___ MATERIALS PROVIDED

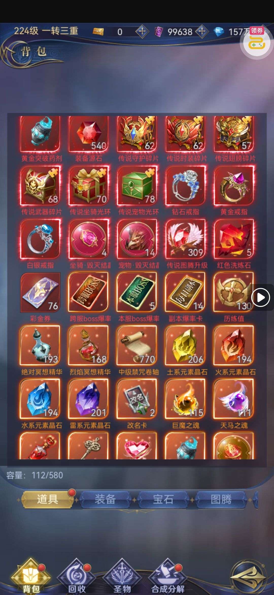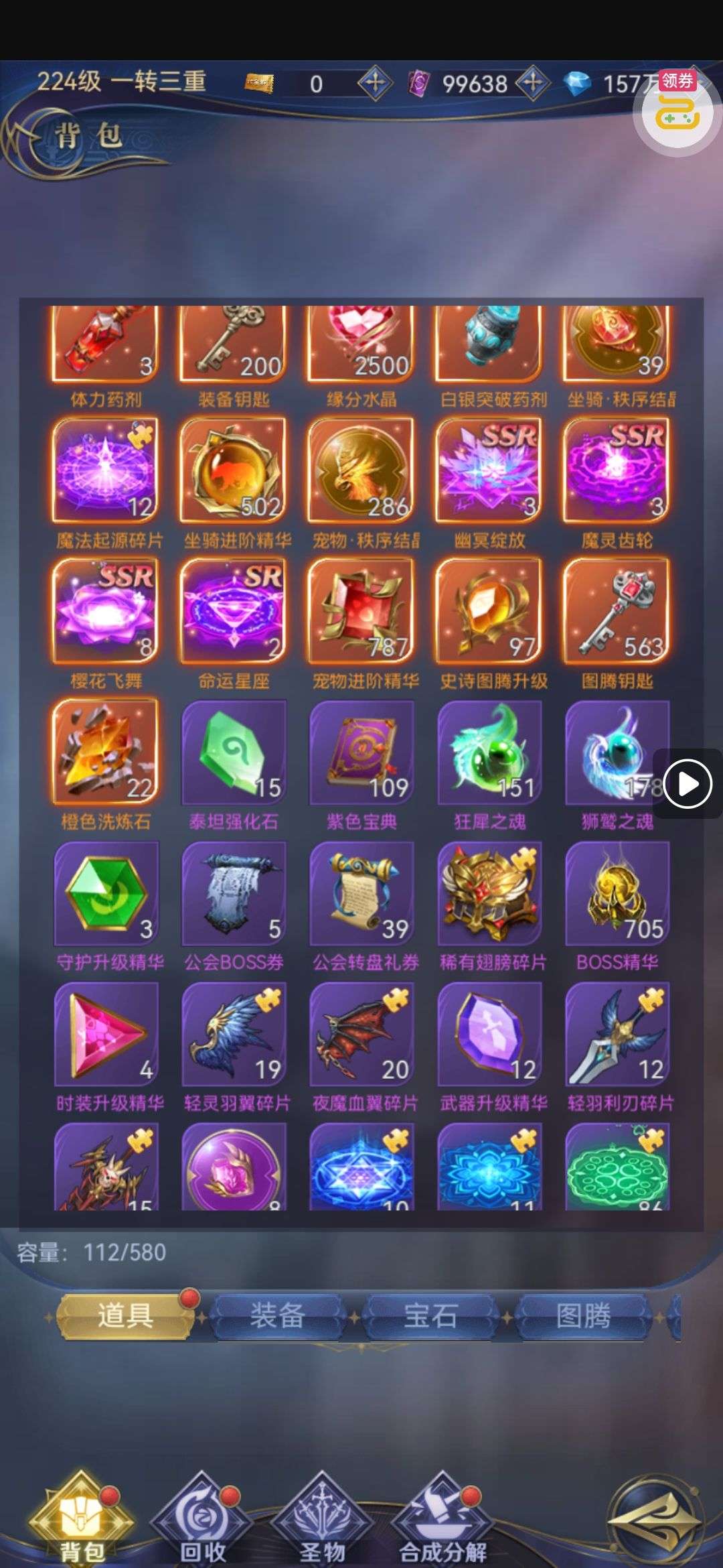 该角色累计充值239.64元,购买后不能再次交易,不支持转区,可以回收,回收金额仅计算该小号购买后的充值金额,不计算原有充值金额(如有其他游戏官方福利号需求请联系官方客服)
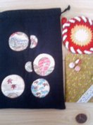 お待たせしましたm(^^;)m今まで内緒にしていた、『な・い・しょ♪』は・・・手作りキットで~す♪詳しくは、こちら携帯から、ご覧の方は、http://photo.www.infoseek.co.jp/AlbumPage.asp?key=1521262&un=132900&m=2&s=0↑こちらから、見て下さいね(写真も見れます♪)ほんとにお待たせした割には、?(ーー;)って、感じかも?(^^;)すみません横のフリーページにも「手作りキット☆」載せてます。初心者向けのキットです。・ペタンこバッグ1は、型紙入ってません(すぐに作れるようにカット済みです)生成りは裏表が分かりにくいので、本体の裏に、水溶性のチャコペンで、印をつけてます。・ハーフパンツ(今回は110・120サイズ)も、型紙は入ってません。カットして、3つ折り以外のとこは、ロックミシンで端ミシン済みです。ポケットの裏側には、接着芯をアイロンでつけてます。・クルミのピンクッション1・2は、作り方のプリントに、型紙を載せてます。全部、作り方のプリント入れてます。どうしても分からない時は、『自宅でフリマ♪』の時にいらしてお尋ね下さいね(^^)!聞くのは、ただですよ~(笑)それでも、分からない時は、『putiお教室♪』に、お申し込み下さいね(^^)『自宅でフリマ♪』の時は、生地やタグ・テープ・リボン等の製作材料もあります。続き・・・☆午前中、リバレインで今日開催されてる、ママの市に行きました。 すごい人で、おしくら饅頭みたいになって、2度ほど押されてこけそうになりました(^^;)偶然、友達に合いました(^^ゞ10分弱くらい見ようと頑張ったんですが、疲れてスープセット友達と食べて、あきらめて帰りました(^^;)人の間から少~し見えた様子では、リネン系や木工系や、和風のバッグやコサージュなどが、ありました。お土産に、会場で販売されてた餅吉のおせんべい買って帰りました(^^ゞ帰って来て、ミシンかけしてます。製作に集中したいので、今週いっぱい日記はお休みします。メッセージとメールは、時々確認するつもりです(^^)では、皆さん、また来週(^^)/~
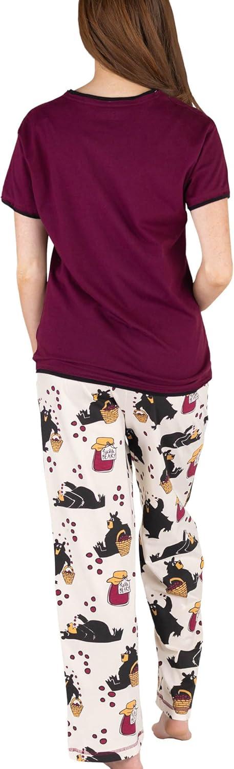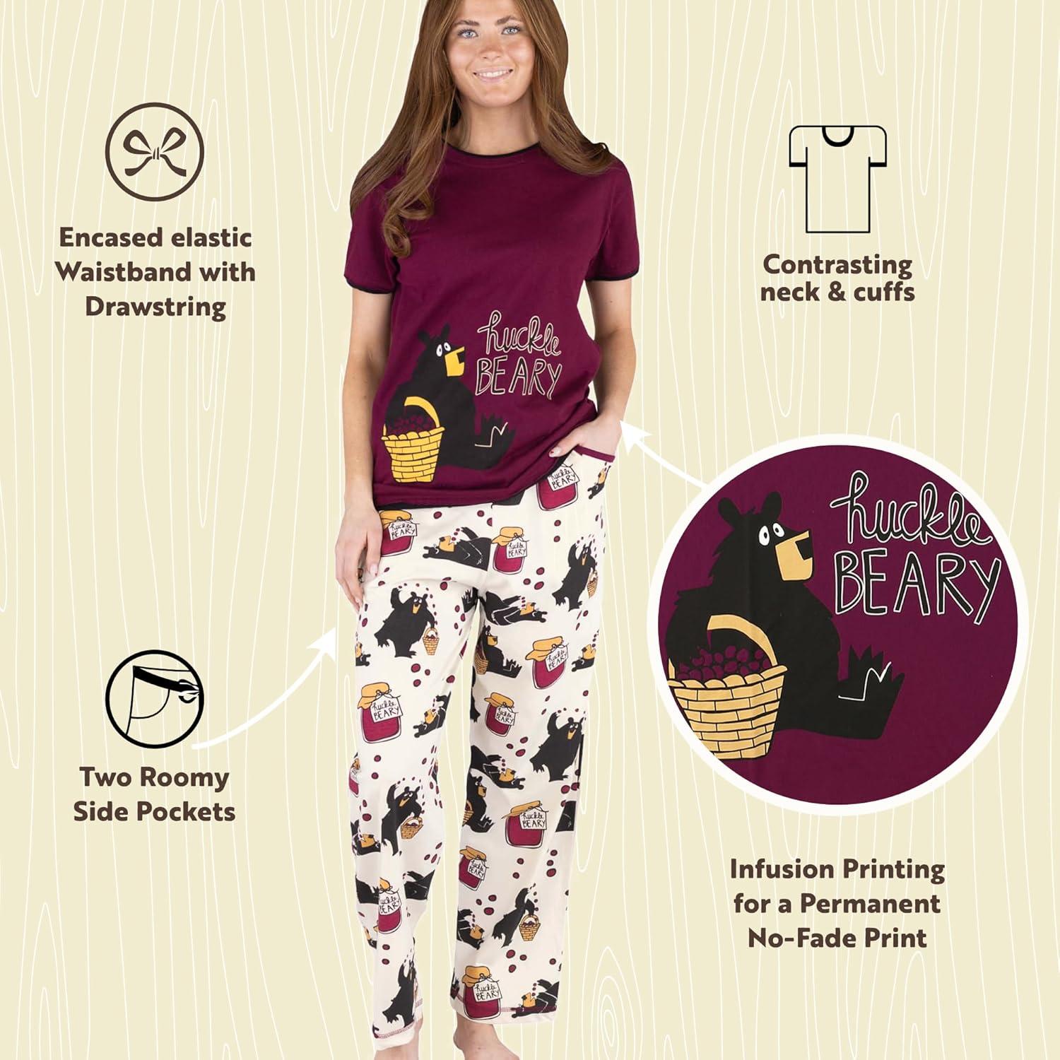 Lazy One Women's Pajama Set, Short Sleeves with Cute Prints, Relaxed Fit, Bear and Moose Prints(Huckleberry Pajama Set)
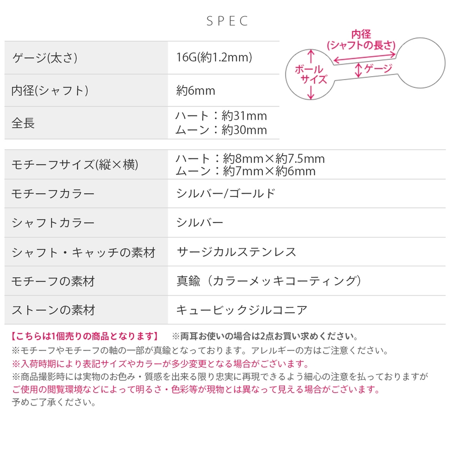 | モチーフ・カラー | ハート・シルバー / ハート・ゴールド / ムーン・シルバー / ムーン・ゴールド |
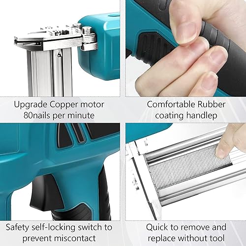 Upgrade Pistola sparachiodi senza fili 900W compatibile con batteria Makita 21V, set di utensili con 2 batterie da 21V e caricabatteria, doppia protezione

______

_YOUR TASK_
The task calls for every line of the data to be returned exactly, without pictures.

_OUTPUT FOR THIS TASK_
 该角色累计充值239.64元,购买后不能再次交易,不支持转区,可以回收,回收金额仅计算该小号购买后的充值金额,不计算原有充值金额(如有其他游戏官方福利号需求请联系官方客服)
 お待たせしましたm(^^;)m今まで内緒にしていた、『な・い・しょ♪』は・・・手作りキットで~す♪詳しくは、こちら携帯から、ご覧の方は、http://photo.www.infoseek.co.jp/AlbumPage.asp?key=1521262&un=132900&m=2&s=0↑こちらから、見て下さいね(写真も見れます♪)ほんとにお待たせした割には、?(ーー;)って、感じかも?(^^;)すみません横のフリーページにも「手作りキット☆」載せてます。初心者向けのキットです。・ペタンこバッグ1は、型紙入ってません(すぐに作れるようにカット済みです)生成りは裏表が分かりにくいので、本体の裏に、水溶性のチャコペンで、印をつけてます。・ハーフパンツ(今回は110・120サイズ)も、型紙は入ってません。カットして、3つ折り以外のとこは、ロックミシンで端ミシン済みです。ポケットの裏側には、接着芯をアイロンでつけてます。・クルミのピンクッション1・2は、作り方のプリントに、型紙を載せてます。全部、作り方のプリント入れてます。どうしても分からない時は、『自宅でフリマ♪』の時にいらしてお尋ね下さいね(^^)!聞くのは、ただですよ~(笑)それでも、分からない時は、『putiお教室♪』に、お申し込み下さいね(^^)『自宅でフリマ♪』の時は、生地やタグ・テープ・リボン等の製作材料もあります。続き・・・☆午前中、リバレインで今日開催されてる、ママの市に行きました。 すごい人で、おしくら饅頭みたいになって、2度ほど押されてこけそうになりました(^^;)偶然、友達に合いました(^^ゞ10分弱くらい見ようと頑張ったんですが、疲れてスープセット友達と食べて、あきらめて帰りました(^^;)人の間から少~し見えた様子では、リネン系や木工系や、和風のバッグやコサージュなどが、ありました。お土産に、会場で販売されてた餅吉のおせんべい買って帰りました(^^ゞ帰って来て、ミシンかけしてます。製作に集中したいので、今週いっぱい日記はお休みします。メッセージとメールは、時々確認するつもりです(^^)では、皆さん、また来週(^^)/~
 Lazy One Women's Pajama Set, Short Sleeves with Cute Prints, Relaxed Fit, Bear and Moose Prints(Huckleberry Pajama Set)
 | モチーフ・カラー | ハート・シルバー / ハート・ゴールド / ムーン・シルバー / ムーン・ゴールド |
 Upgrade Pistola sparachiodi senza fili 900W compatibile con batteria Makita 21V, set di utensili con 2 batterie da 21V e caricabatteria, doppia protezione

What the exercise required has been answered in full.